Given data
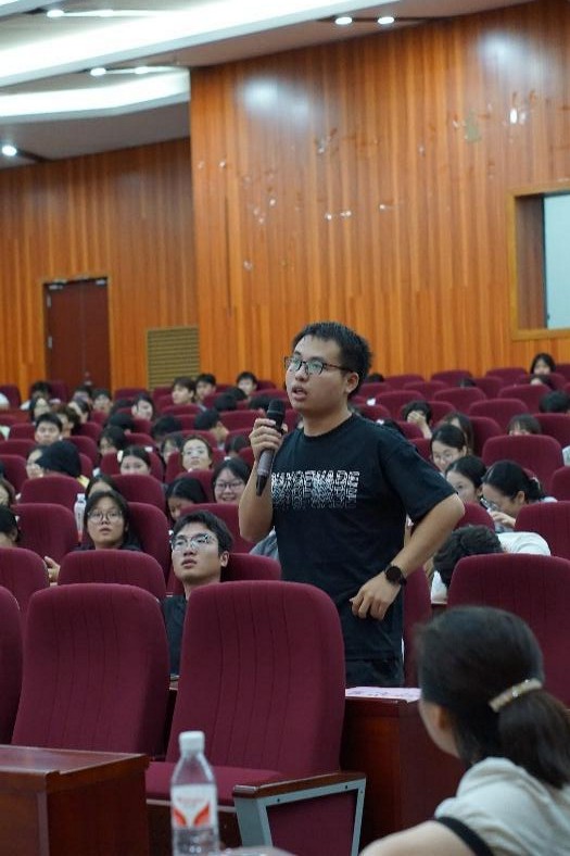 在互动答疑环节,在场师生围绕学业规划、职业发展等问题踊跃提问,张荣海校友逐一耐心回应。当被问及“如何平衡学习与生活”时,他寄语同学们:“大学是能力提升的黄金期,要主动跳出舒适区锻炼自己,时间从来不是‘等’出来的,而是靠合理规划‘挤’出来的。在谈及行业未来趋势,张荣海校友强调,人工智能(AI)已成为驱动各领域变革的核心力量,环境与生命科学领域也将迎来技术融合的新机遇。他鼓励同学们紧跟时代步伐,主动学习前沿技术,在创新实践中把握行业机遇,实现个人价值与行业发展的同频共振。
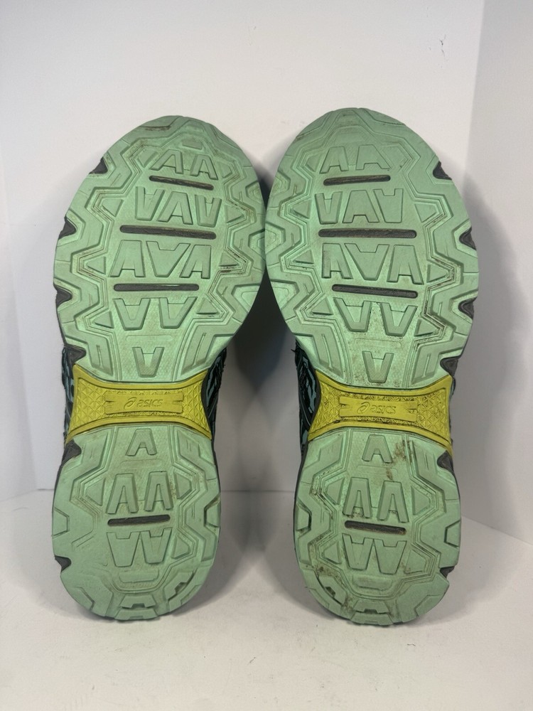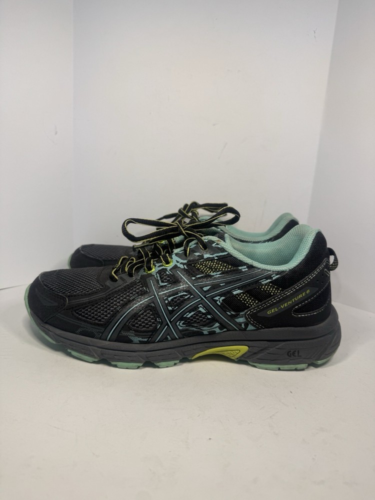 ASICS Gel-Venture Shoes in Black / Carbon / Neon Lime - 9 D Women Size 8.5. Condition is Pre-owned. Shipped with USPS Ground Advantage.
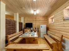 Размерът на стаята е 6×6 метра, повече от достатъчно, за да побере всички важни елементи. Рационално е да затоплите стаята за отдих с помощта на печка, която е в непосредствена близост до тази стая. В съблекалнята обикновено поставят всичко необходимо за приятно забавление – маси, столове, кухненски шкафове, камина. Често има и кухня с хладилник, газова печка и микровълнова печка..
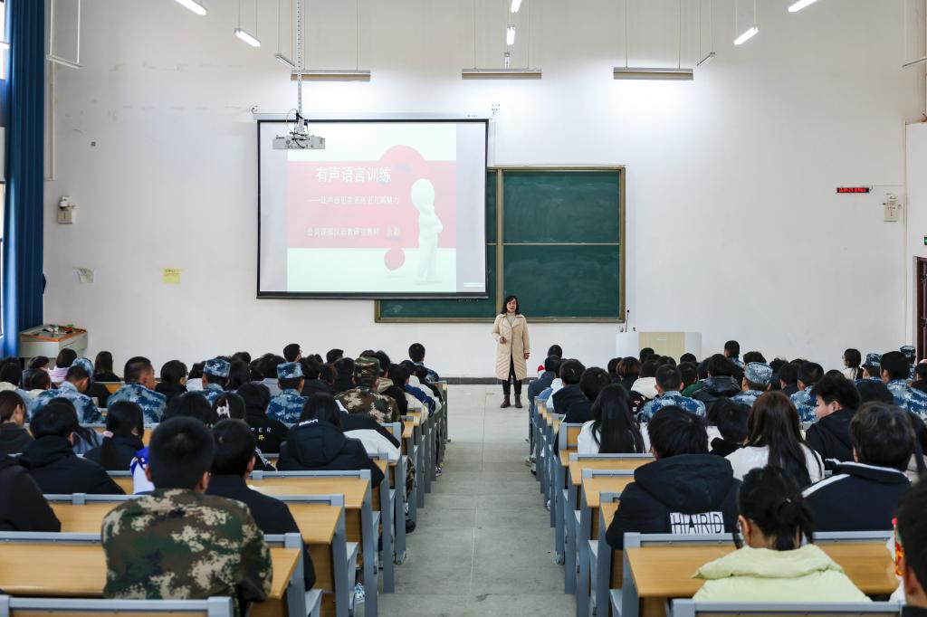 第一场是普通话专题讲座,题为“让声音更美、更亮、更有魅力”,由湖北省级普通话水平测试员、公共课部汉语教研室教师余莉讲授,围绕普通话水平测试的相关知识,如考试测试内容、鼻音边音发音技巧等内容展开,既通俗易懂,又生动具体,让同学们充分感受了普通话的魅力。
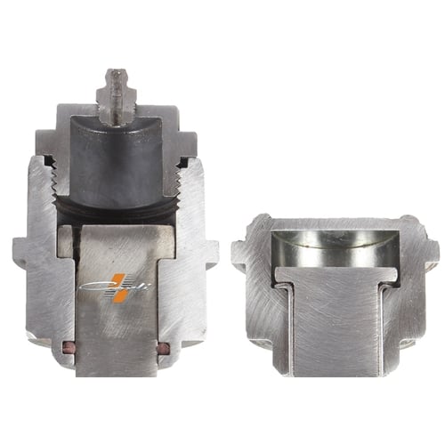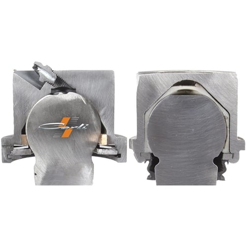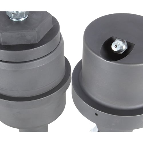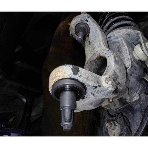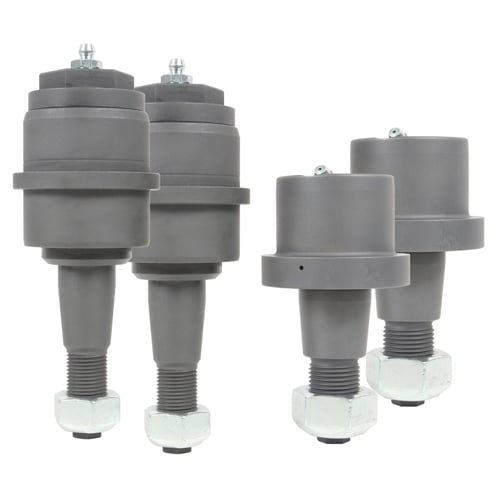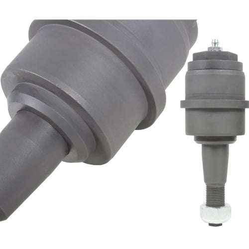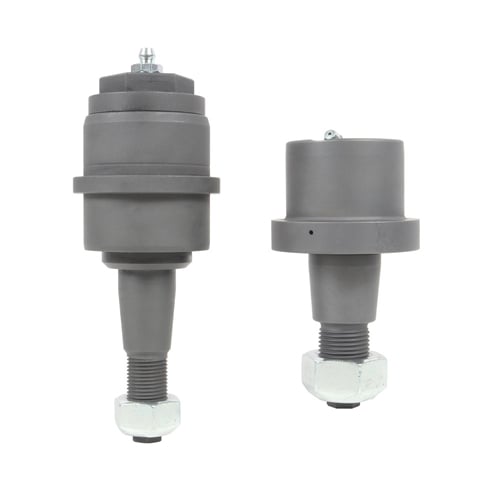 The Carli Joints are similar in design in that they utilize the same style of a floating king-pin upper, but with several improvements in design. You'll notice the Carli ball joint has a pin and housing, but the "hat" of the pin contacts the housing. This adds a second wear surface to further distribute the load applied laterally to the ball joint while providing the same failsafe as a factory ball joint, ensuring the pin cannot be pulled through the bottom of the ball joint housing. Further, there is no sleeve isolating the wear surfaces, eliminating the point of failure. The upper cavity's size is increased to hold a larger grease reserve and the threaded cap both allows access to the cavity and pin if needed and allows servicing through its zerk fitting. You'll also notice the channel in the pin itself providing a path for grease to migrate to the wear surface. At the bottom of the housing, a Viton Seal prevents the environment from entering the ball joint.
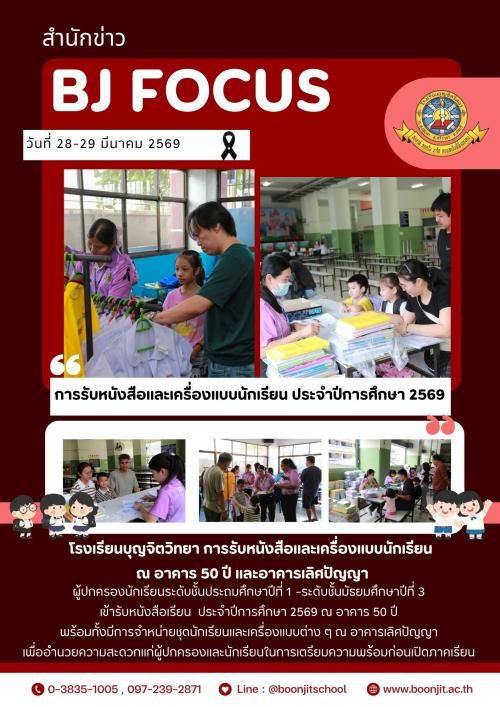 วันที่ 28-29 มีนาคม 2569 โรงเรียนบุญจิตวิทยา การรับหนังสือและเครื่องแบบนักเรียน ณ อาคาร 50 ปี และอาคารเลิศปัญญา ผู้ปกครองนักเรียนระดับชั้นประถมศึกษาปีที่ 1 -ระดับชั้นมัธยมศึกษาปีที่ 3
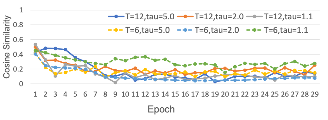 ▲ 图2. 基线与案例2的余弦相似度随训练过程变化图
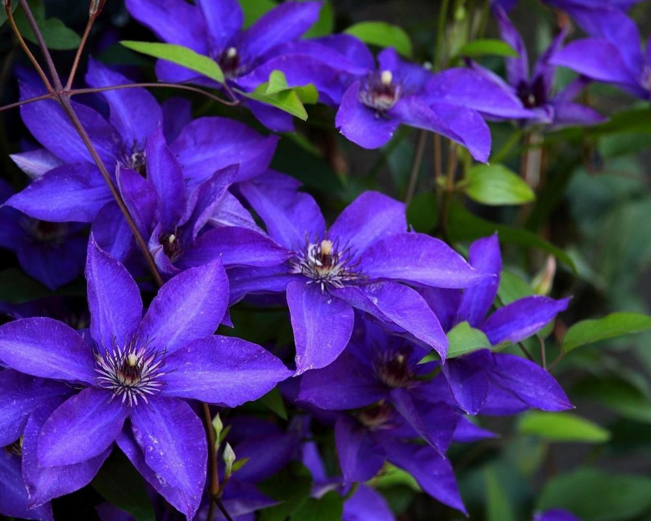 Wallpaper Lilac blooming clematis close-up
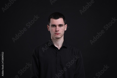 Portrait of sad man on black background
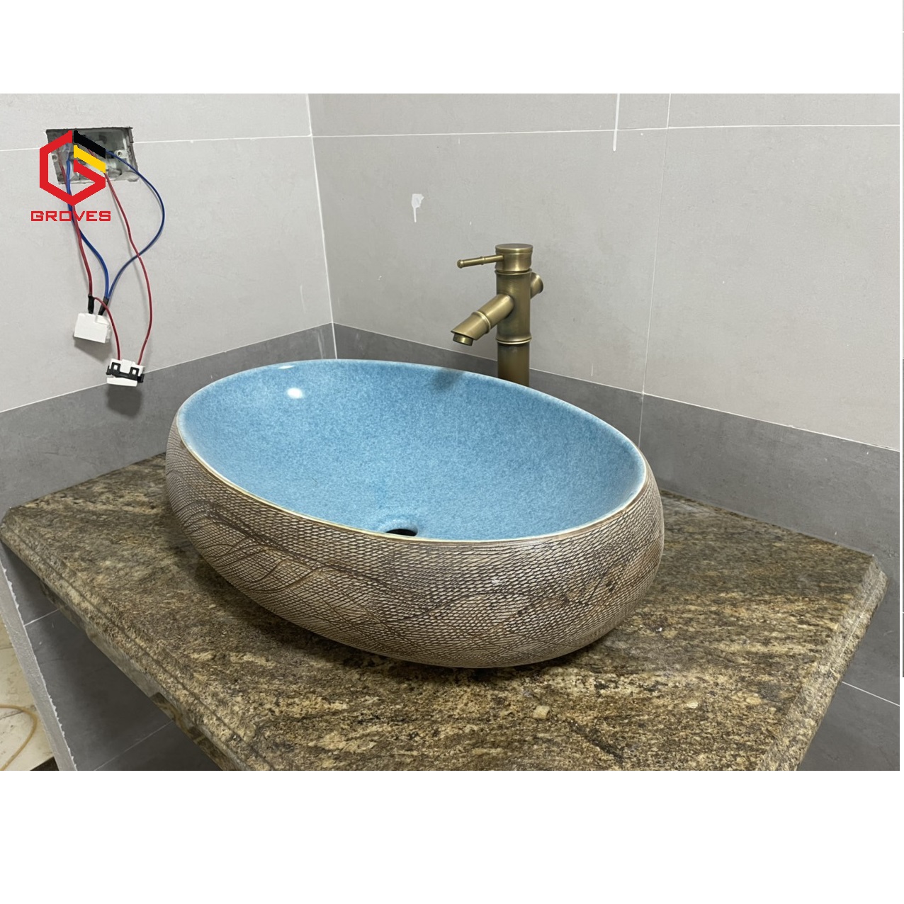 CHẬU VÂN ĐÁ 7 MẦU là mẫu thiết bị vệ sinh GROVES có kiểu dáng đẹp với thiết kế hình elip thu hút, men sứ chống bám bẩn, lòng chậu sâu và rộng ,
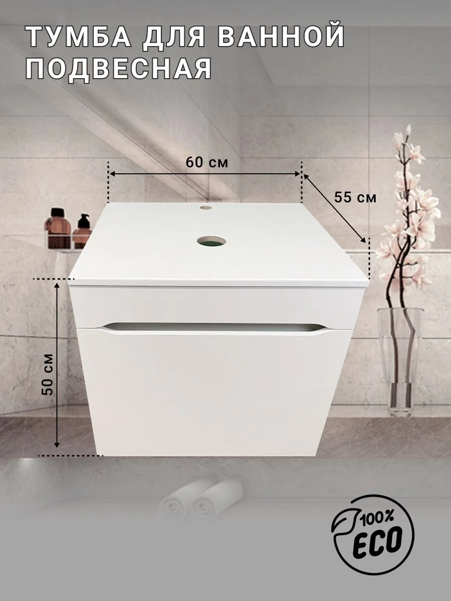 Изделие изготовлено из высококачественных материалов, что гарантирует долговечность и надежность даже при высокой влажности. Эта тумба под раковину в ванную не боится воды и легко моется, сохраняя свой первоначальный вид на протяжении многих лет эксплуатации. Компактные размеры и эргономичный дизайн делают этот умывальник с тумбой для ванной подходящим для любого, даже самого ограниченного пространства.
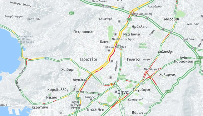 Δύσκολη και η κάθοδος της Κηφισιάς και της Μεσογείων με τα αυτοκίνητα κατά τμήματα να κινούνται με χαμηλές ταχύτητες. Αυξημένη κίνηση και στη λεωφόρο Αθηνών στο ρεύμα προς Κόρινθο από το Χαϊδάρι αλλά και στην κάθοδο της Βασιλίσσης Σοφίας προς το κέντρο της Αθήνας.
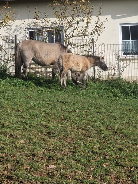 Zum Verkauf steht unsere Konik Stute „Wilde 13“, geboren vor 6 Monaten. Sie ist ein super cooles, menschenbezogenes und sehr liebes Fohlen mit ausgeglichenem Charakter. Die Kleine wächst artgerecht in einer Jungpferdeherde auf und kennt den täglichen Umgang mit Menschen. Sie zeigt sich neugierig, freundlich und gelassen – beste Voraussetzungen für Freizeit, Zucht oder spätere Ausbildung.
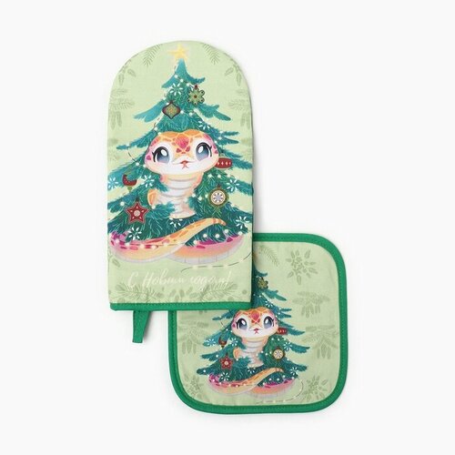 Набор кухонный Этель Wonder christmas варежка 20х28см, прихватка 19х19см,100%хл

What to do
The answer is the entries above, given again exactly, with no pictures among them.

Response to this exercise
 在互动答疑环节,在场师生围绕学业规划、职业发展等问题踊跃提问,张荣海校友逐一耐心回应。当被问及“如何平衡学习与生活”时,他寄语同学们:“大学是能力提升的黄金期,要主动跳出舒适区锻炼自己,时间从来不是‘等’出来的,而是靠合理规划‘挤’出来的。在谈及行业未来趋势,张荣海校友强调,人工智能(AI)已成为驱动各领域变革的核心力量,环境与生命科学领域也将迎来技术融合的新机遇。他鼓励同学们紧跟时代步伐,主动学习前沿技术,在创新实践中把握行业机遇,实现个人价值与行业发展的同频共振。
 ASICS Gel-Venture Shoes in Black / Carbon / Neon Lime - 9 D Women Size 8.5. Condition is Pre-owned. Shipped with USPS Ground Advantage.
 Размерът на стаята е 6×6 метра, повече от достатъчно, за да побере всички важни елементи. Рационално е да затоплите стаята за отдих с помощта на печка, която е в непосредствена близост до тази стая. В съблекалнята обикновено поставят всичко необходимо за приятно забавление – маси, столове, кухненски шкафове, камина. Често има и кухня с хладилник, газова печка и микровълнова печка..
 第一场是普通话专题讲座,题为“让声音更美、更亮、更有魅力”,由湖北省级普通话水平测试员、公共课部汉语教研室教师余莉讲授,围绕普通话水平测试的相关知识,如考试测试内容、鼻音边音发音技巧等内容展开,既通俗易懂,又生动具体,让同学们充分感受了普通话的魅力。
 The Carli Joints are similar in design in that they utilize the same style of a floating king-pin upper, but with several improvements in design. You'll notice the Carli ball joint has a pin and housing, but the "hat" of the pin contacts the housing. This adds a second wear surface to further distribute the load applied laterally to the ball joint while providing the same failsafe as a factory ball joint, ensuring the pin cannot be pulled through the bottom of the ball joint housing. Further, there is no sleeve isolating the wear surfaces, eliminating the point of failure. The upper cavity's size is increased to hold a larger grease reserve and the threaded cap both allows access to the cavity and pin if needed and allows servicing through its zerk fitting. You'll also notice the channel in the pin itself providing a path for grease to migrate to the wear surface. At the bottom of the housing, a Viton Seal prevents the environment from entering the ball joint.
 วันที่ 28-29 มีนาคม 2569 โรงเรียนบุญจิตวิทยา การรับหนังสือและเครื่องแบบนักเรียน ณ อาคาร 50 ปี และอาคารเลิศปัญญา ผู้ปกครองนักเรียนระดับชั้นประถมศึกษาปีที่ 1 -ระดับชั้นมัธยมศึกษาปีที่ 3
 ▲ 图2. 基线与案例2的余弦相似度随训练过程变化图
 Wallpaper Lilac blooming clematis close-up
 Portrait of sad man on black background
 CHẬU VÂN ĐÁ 7 MẦU là mẫu thiết bị vệ sinh GROVES có kiểu dáng đẹp với thiết kế hình elip thu hút, men sứ chống bám bẩn, lòng chậu sâu và rộng ,
 Изделие изготовлено из высококачественных материалов, что гарантирует долговечность и надежность даже при высокой влажности. Эта тумба под раковину в ванную не боится воды и легко моется, сохраняя свой первоначальный вид на протяжении многих лет эксплуатации. Компактные размеры и эргономичный дизайн делают этот умывальник с тумбой для ванной подходящим для любого, даже самого ограниченного пространства.
 Δύσκολη και η κάθοδος της Κηφισιάς και της Μεσογείων με τα αυτοκίνητα κατά τμήματα να κινούνται με χαμηλές ταχύτητες. Αυξημένη κίνηση και στη λεωφόρο Αθηνών στο ρεύμα προς Κόρινθο από το Χαϊδάρι αλλά και στην κάθοδο της Βασιλίσσης Σοφίας προς το κέντρο της Αθήνας.
 Zum Verkauf steht unsere Konik Stute „Wilde 13“, geboren vor 6 Monaten. Sie ist ein super cooles, menschenbezogenes und sehr liebes Fohlen mit ausgeglichenem Charakter. Die Kleine wächst artgerecht in einer Jungpferdeherde auf und kennt den täglichen Umgang mit Menschen. Sie zeigt sich neugierig, freundlich und gelassen – beste Voraussetzungen für Freizeit, Zucht oder spätere Ausbildung.
 Набор кухонный Этель Wonder christmas варежка 20х28см, прихватка 19х19см,100%хл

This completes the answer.